Edward J. Lofgren, American physicist, Died at 102

  Health care

Edward Joseph Lofgren was born on January 18, 1914, in Chicago and died on September 5, 2016.

He was an American physicist in the early days of nuclear physics and elementary particle research at the Lawrence Berkeley Laboratory (LBL).

Lotgren was an important figure in the breakthroughs that followed the creation of the Bevatron, of which he was the director for a time.

He graduated from UC Berkeley in May 1938, and got a summer job working on E. O. Lawrence’s new 37-inch cyclotron completed in 1937, at a salary of about $0.50 an hour.
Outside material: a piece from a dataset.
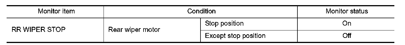 3.Check that "RR WIPER STOP" changes to "On" and "Off" linked with the wiper operation.

At the same time there was no government funding for scientific research, and the money came from medical foundations interested in evaluating the possible uses of neutron beams for cancer treatment and for producing radio-isotopes for medical research.

During the fall of 1940 he was hired by Lawrence to help on adapting and using the 37-inch cyclotron to separate isotopes of uranium for the atomic bomb project.

He, later went to Los Alamos, where the first bombs were designed and built, and where he remained for the rest of the war.

At the end of the war he returned to Berkeley to complete the final year of his degree program, then went on to the University of Minnesota as a post doctoral fellow.

Then, Lofgren returned to the laboratory at Berkeley and remained at the Laboratory until his retirement in 1982.

Edward J. Lofgren passed away at 102 years old.